Healthier Life: Why not to skip breakfast

  • Published
  • By Kirsten David
  • Health Promotions Flight
We have all heard that breakfast is the most important meal of the day, whether it was ingrained in your head by your parents growing up, or we see it in advertisements on TV and magazines.  But do you know why it’s the most important meal?  Breakfast is the first opportunity we have to give our body energy to perform our daily physical and mental activities.  When we wake up, we are in a fasted state so eating breakfast will bring our body’s energy and blood glucose levels back to normal. 

Since we are in this fasted state in the morning, cortisol (stress hormone) is elevated.  This causes the breakdown of muscle protein and fat to give your body glucose for energy.  For a short period of time this is okay, however the only way to stop the breakdown of muscle in the early morning is to consume a nutrient rich breakfast so your body will use food for fuel rather than muscle.

This makes it especially important to eat breakfast before an early morning workout.  Carbohydrates give our body energy and having low carbohydrate (or glucose) levels before a workout can hinder your performance and make it more likely to fatigue during a training session.  A healthy nutrient packed breakfast can give your body the amount of carbohydrate, protein, and other essential nutrients to get you through your morning workout effectively and efficiently.  
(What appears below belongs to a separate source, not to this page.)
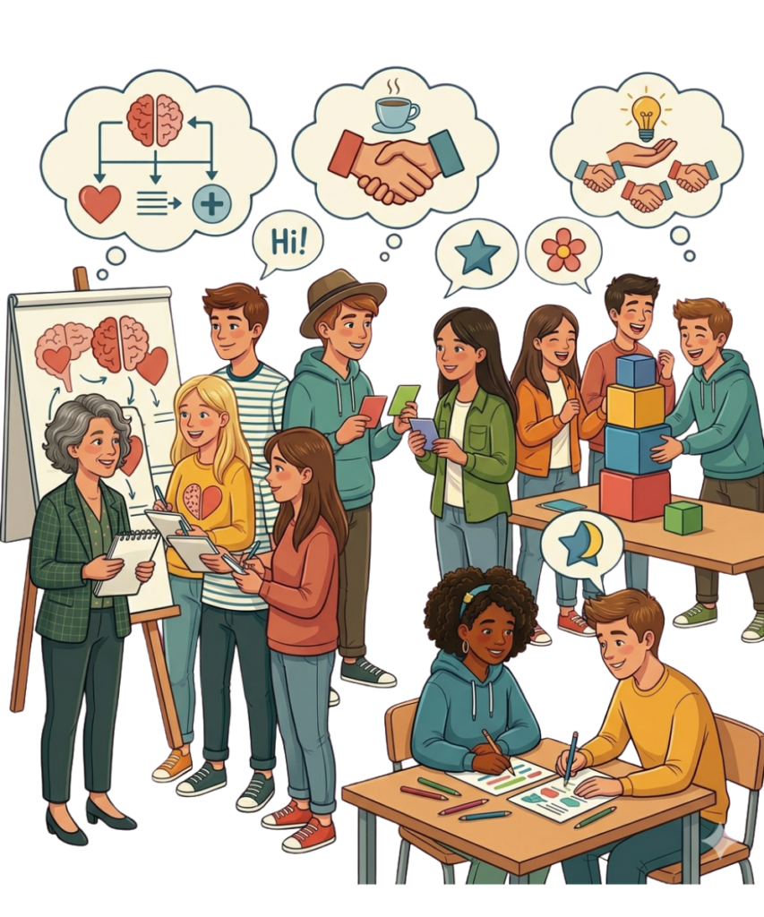 Skupine so namenjene mladim, ki želijo bolje razumeti sebe, svoja čustva in odnose z drugimi. Srečanja ponujajo varen prostor za pogovor o izzivih odraščanja, izmenjavo izkušenj ter učenje psiholoških strategij in veščin za boljše soočanje z vsakodnevnimi situacijami.

Research findings suggest that eating breakfast regularly will promote a healthy weight.  As a matter of fact, it has been shown that dieters who eat breakfast lose on average 50% more weight than dieters who skip breakfast!  Additionally, when we eat breakfast, cortisol is restored to normal levels, but if we skip breakfast it remains elevated, which will increase fat storage in the abdominal area due to higher amounts of cortisol receptors in this area.  Skipping breakfast may also cause us to overeat at other meals throughout the day, leading to an excess in overall caloric intake.

So make sure to consume a good quality breakfast each day that will provide your body with a steady long lasting source for energy.  A Frappuccino and chocolate chip muffin might sound like a delicious breakfast but it is mostly sugar and will cause blood glucose to spike, promote fat storage and cause an energy crash soon after consumption.   Instead, you want your breakfasts to include high quality fiber and protein foods.  Some examples are:  

High fiber cereal or oatmeal with fresh fruit and nuts

Medium whole wheat bagel with natural peanut butter/almond butter or avocado spread

2 egg vegetable omelet with low fat cheese and 1 piece of whole wheat toast

Plain Greek yogurt with berries and low sugar granola

Smoothie with 1 scoop of protein powder and ½ cup of fruit blended with almond/coconut milk

When reading labels always check sugar and fiber contents.  Sugar should be low, around 5 grams or less is a good rule of thumb.  Fiber should be about 1 gram of fiber for every 10 carbohydrates listed.  So for example, a piece of whole wheat bread with 20 grams of carbohydrate should have at least 2 grams of dietary fiber listed.  

You can make room for breakfast in the morning!  Plan ahead of time if your mornings are busy.  Make your breakfast the night before or prepare a whole weeks’ worth of grab and go breakfasts, like baked oatmeal muffins. If you aren’t used to eating in the early morning, start with a smaller meal and build your way up.  By eating breakfast you will have more energy, improved concentration of the mind, better mental and physical performance, and feel your best throughout the day.